34 anni trascorsi con l'accendino in mano, 10 giorni per smettere di usarlo, 68 minuti per ridurre in cenere lo scroto dello spettatore.
Gipi porta scolpiti sul suo volto i segni del nicotinomane incallito: denti marci, pelle rugosa, colorito spento. Sbattuti orgogliosamente in primo piano a riempire lo schermo di una vendetta personale. Se la via intrapresa dal diario casalingo “Smettere di fumare fumando”, cronostoria di un'astinenza in concorso al 30° Torino Film Festival, è a tutti gli effetti quella amatoriale, la costrizione di trovarsi immersi in un contatto ravvicinato con tale aggressiva fisionomia ci trasmette una percezione molto vicina alla terza e persino quarta dimensione, lasciandoci più volte la terribile sensazione di inalare le folate di quell'alito mefitico.
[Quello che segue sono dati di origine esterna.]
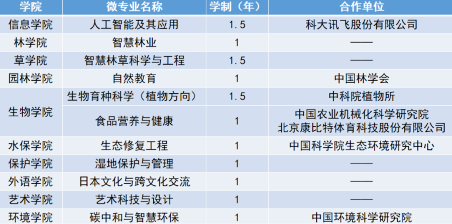 据报道,日前,北京林业大学开设的自然教育、人工智能、碳中和与智慧环保3个微专业迎来首批新生,上班族成为课堂主力。北林自然教育微专业一个班54人,35名来自校外。而且,据介绍,北林本学期开设的微专业课容量均在50人左右,受到了校内外学生的欢迎,报名截止前名额均被一抢而空。
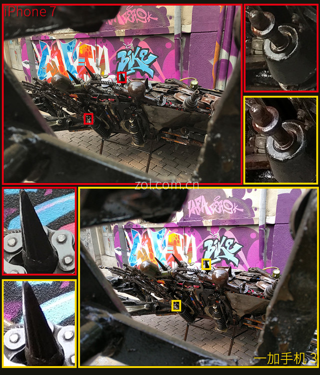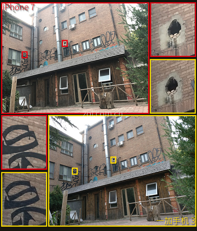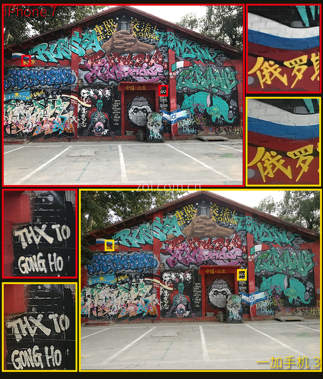 上图是室外色彩样张,这张能看到iPhone 7对于墙面白字的还原更准确,另外还能发现一加3仍在解析力上有优势,经过了几张的对比还可以发现,一加3的解析力优势其中一部分来自于边缘锐化。
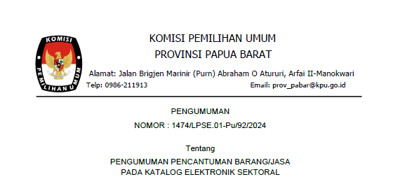 PENGUMUMAN NOMOR : 1474/LPSE.01-Pu/92/2024 Tentang PENGUMUMAN PENCANTUMAN BARANG/JASA PADA KATALOG ELEKTRONIK SEKTORAL
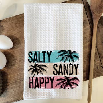 This beach-themed towel is the perfect addition to a beachside home and kitchen decor, and also makes a great housewarming gift. Choose pink or blue! - Measures approximately 16”x 24” - Made of 80% Polyester and 20% Polyamide. - Design is permanently printed - Individually packaged in cellophane sleeve and ready to be gifted - It is called a waffle weave because the towel has raised looped edges on the surface of the towel in the shape like that on a delicious Belgian Waffle. These “pockets'' that are created hold water while the surface of the cloth stays dry making it an exceptional drying towel! The raised looped edges on this lint free towel make it great for all around use, while also being great on glass.

La rabbia e la frustrazione accumulate in una carriera non dovutamente apprezzata esplodono in una sfida frontale, uno sfogo a viso aperto per cui il fumo è solo un pretesto. I reali intenti dell'operazione infatti sono presto svelati, e le provocazioni narcisistiche che qualcuno ha definito “morettiane”, pronte a scagliarsi contro i nemici che avevano massacrato il precedente “
L'ultimo terrestre”. Il critico qui non viene tormentato nel sonno come in “
Caro diario”, ma irriso in conversazioni telefoniche che lo vorrebbero perennemente confinato in bagno, ad assegnare ai propri oggetti di analisi, nell'ossessiva/compulsiva tendenza citazionistica, metafore e riferimenti non sempre veritieri (in una scena Gipi e la compagna, seduti nel silenzio assordante di una cucina, indossano una maschera da ippopotamo, giustificato come omaggio a
Bud Spencer anziché ai “
Rabbits” di
David Lynch).
Ma il punto è capire fin dove può spingersi oggi l'uso privatistico del mezzo cinematografico, e se per certi esperimenti ormai non sia più opportuna la piattaforma di youtube, che offre visibilità planetaria e garantisce perlomeno libertà di fruizione, piuttosto che la sala di un festival che sfrutta il pubblico ponendolo in una condizione di vittima passiva, marionetta del divertimento di un singolo, complice obbligato di un gioco dispettoso. Per tornare a Lynch, “
INLAND EMPIRE” aveva già aperto il dibattito sulla mancanza di considerazione dell'utente finale, ma comunque il godimento estetico trasmesso dal maestro interveniva in favore di un'assoluzione con formula parziale. Per stessa ammissione di Gipi invece, non basta nemmeno questo a salvare “Sdff”, poiché “Il film non
ha nessuna velleità artistica, l'ho fatto solo per me, per avere un'occupazione mentale”.